**Goal of the exercise**
Beginning with the line that holds "Stunning aerial shot", copy each line to the end of the records exactly, except the pictures.

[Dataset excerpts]
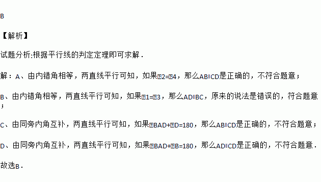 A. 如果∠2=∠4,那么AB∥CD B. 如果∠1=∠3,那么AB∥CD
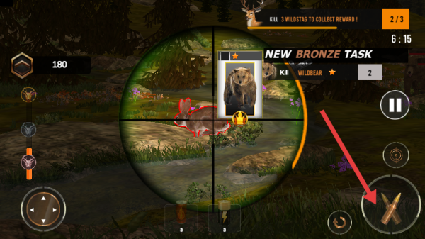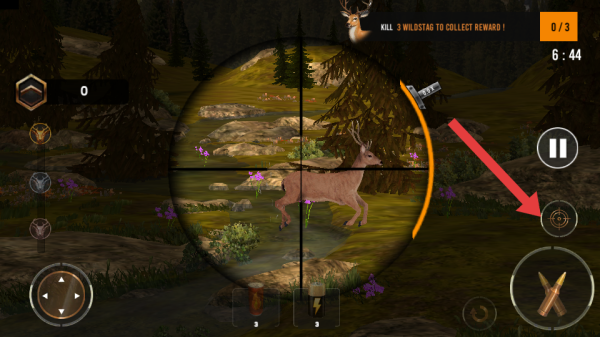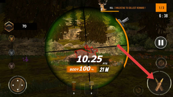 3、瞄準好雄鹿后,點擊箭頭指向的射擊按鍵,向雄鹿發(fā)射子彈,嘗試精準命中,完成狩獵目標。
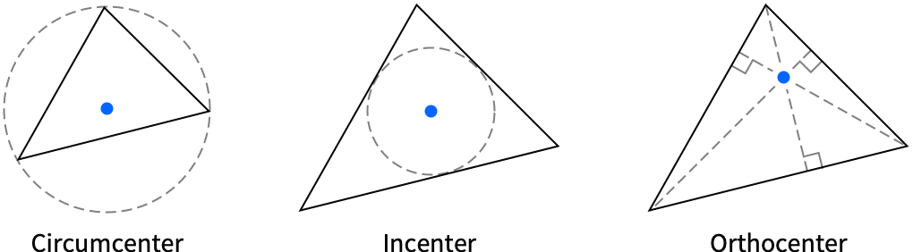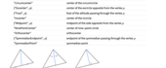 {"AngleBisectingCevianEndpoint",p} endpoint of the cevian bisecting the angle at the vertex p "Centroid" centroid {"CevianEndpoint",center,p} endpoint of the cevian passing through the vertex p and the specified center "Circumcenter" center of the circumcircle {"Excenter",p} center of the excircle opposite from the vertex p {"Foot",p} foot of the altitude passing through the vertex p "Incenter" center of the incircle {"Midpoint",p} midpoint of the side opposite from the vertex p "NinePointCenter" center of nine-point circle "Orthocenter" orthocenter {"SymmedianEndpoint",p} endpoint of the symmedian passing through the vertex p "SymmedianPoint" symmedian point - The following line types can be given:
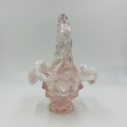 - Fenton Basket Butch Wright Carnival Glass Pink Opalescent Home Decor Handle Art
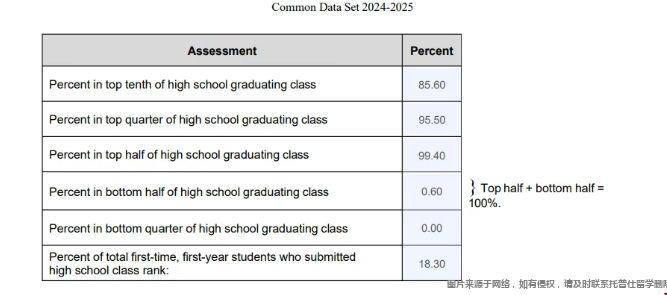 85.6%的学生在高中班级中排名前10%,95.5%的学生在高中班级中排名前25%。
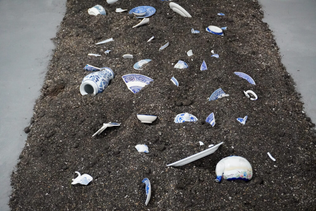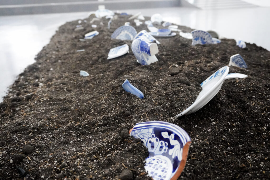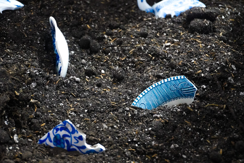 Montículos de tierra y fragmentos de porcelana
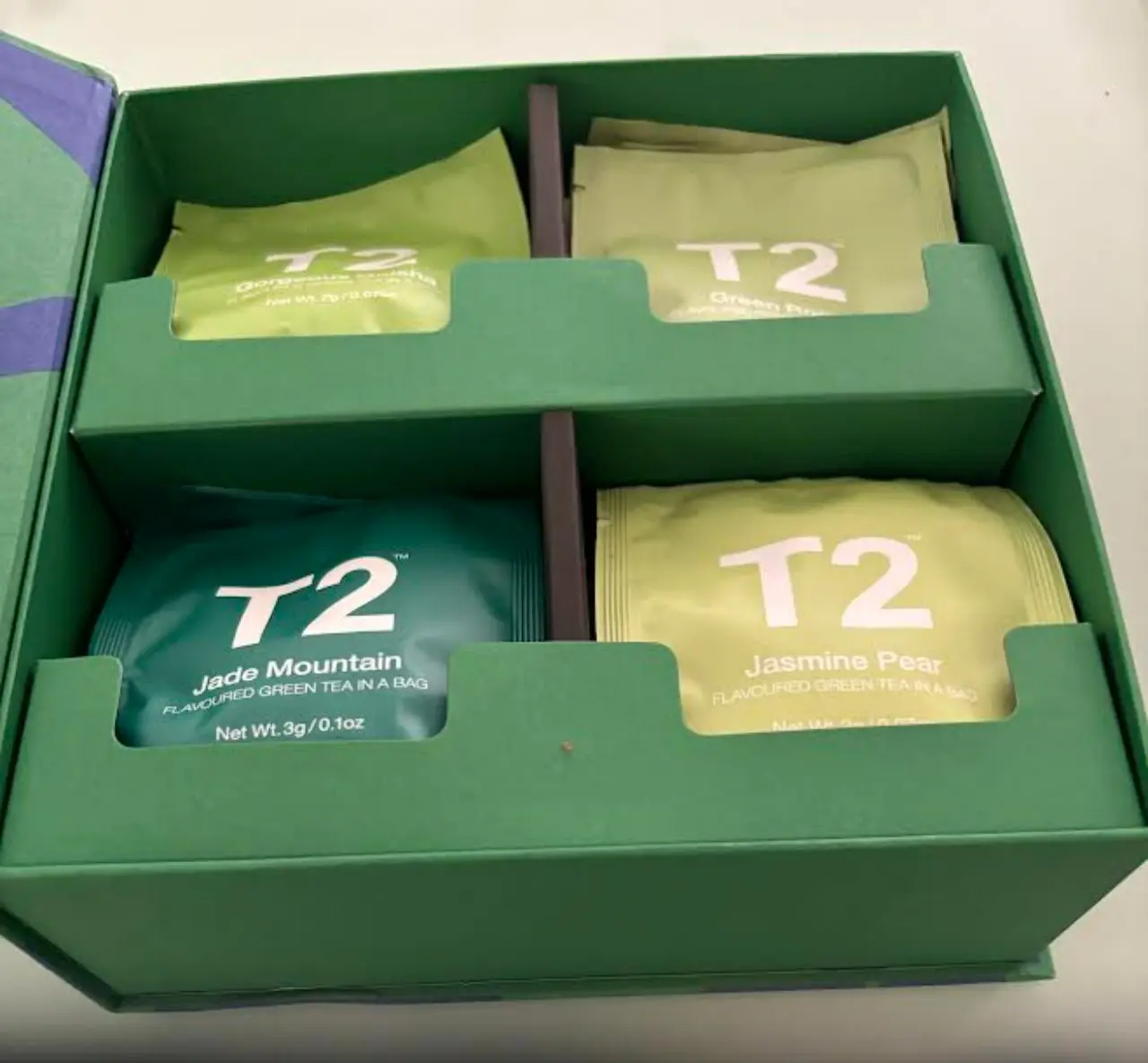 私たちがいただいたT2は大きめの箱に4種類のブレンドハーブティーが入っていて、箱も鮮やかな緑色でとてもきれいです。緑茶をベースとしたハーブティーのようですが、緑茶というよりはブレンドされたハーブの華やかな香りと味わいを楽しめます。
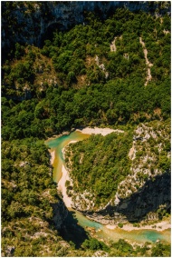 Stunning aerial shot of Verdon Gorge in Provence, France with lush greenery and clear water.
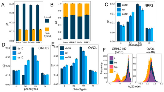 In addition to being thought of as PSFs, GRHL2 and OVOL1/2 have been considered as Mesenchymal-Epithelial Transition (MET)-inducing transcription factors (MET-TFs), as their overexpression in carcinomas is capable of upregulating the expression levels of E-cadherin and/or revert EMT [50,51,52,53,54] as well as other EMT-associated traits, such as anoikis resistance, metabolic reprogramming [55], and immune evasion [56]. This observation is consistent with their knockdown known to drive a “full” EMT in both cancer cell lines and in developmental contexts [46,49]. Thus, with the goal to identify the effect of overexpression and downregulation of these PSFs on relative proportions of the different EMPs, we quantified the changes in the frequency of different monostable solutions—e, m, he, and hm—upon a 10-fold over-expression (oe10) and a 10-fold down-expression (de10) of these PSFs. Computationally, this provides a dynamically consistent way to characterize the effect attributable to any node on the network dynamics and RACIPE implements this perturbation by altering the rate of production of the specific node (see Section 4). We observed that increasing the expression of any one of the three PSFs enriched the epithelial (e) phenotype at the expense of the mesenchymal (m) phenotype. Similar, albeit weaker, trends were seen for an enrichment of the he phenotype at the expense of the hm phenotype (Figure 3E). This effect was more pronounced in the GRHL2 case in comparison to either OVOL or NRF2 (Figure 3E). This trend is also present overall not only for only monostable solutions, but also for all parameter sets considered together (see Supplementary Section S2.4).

**Answer space**
 Stunning aerial shot of Verdon Gorge in Provence, France with lush greenery and clear water.
 In addition to being thought of as PSFs, GRHL2 and OVOL1/2 have been considered as Mesenchymal-Epithelial Transition (MET)-inducing transcription factors (MET-TFs), as their overexpression in carcinomas is capable of upregulating the expression levels of E-cadherin and/or revert EMT [50,51,52,53,54] as well as other EMT-associated traits, such as anoikis resistance, metabolic reprogramming [55], and immune evasion [56]. This observation is consistent with their knockdown known to drive a “full” EMT in both cancer cell lines and in developmental contexts [46,49]. Thus, with the goal to identify the effect of overexpression and downregulation of these PSFs on relative proportions of the different EMPs, we quantified the changes in the frequency of different monostable solutions—e, m, he, and hm—upon a 10-fold over-expression (oe10) and a 10-fold down-expression (de10) of these PSFs. Computationally, this provides a dynamically consistent way to characterize the effect attributable to any node on the network dynamics and RACIPE implements this perturbation by altering the rate of production of the specific node (see Section 4). We observed that increasing the expression of any one of the three PSFs enriched the epithelial (e) phenotype at the expense of the mesenchymal (m) phenotype. Similar, albeit weaker, trends were seen for an enrichment of the he phenotype at the expense of the hm phenotype (Figure 3E). This effect was more pronounced in the GRHL2 case in comparison to either OVOL or NRF2 (Figure 3E). This trend is also present overall not only for only monostable solutions, but also for all parameter sets considered together (see Supplementary Section S2.4).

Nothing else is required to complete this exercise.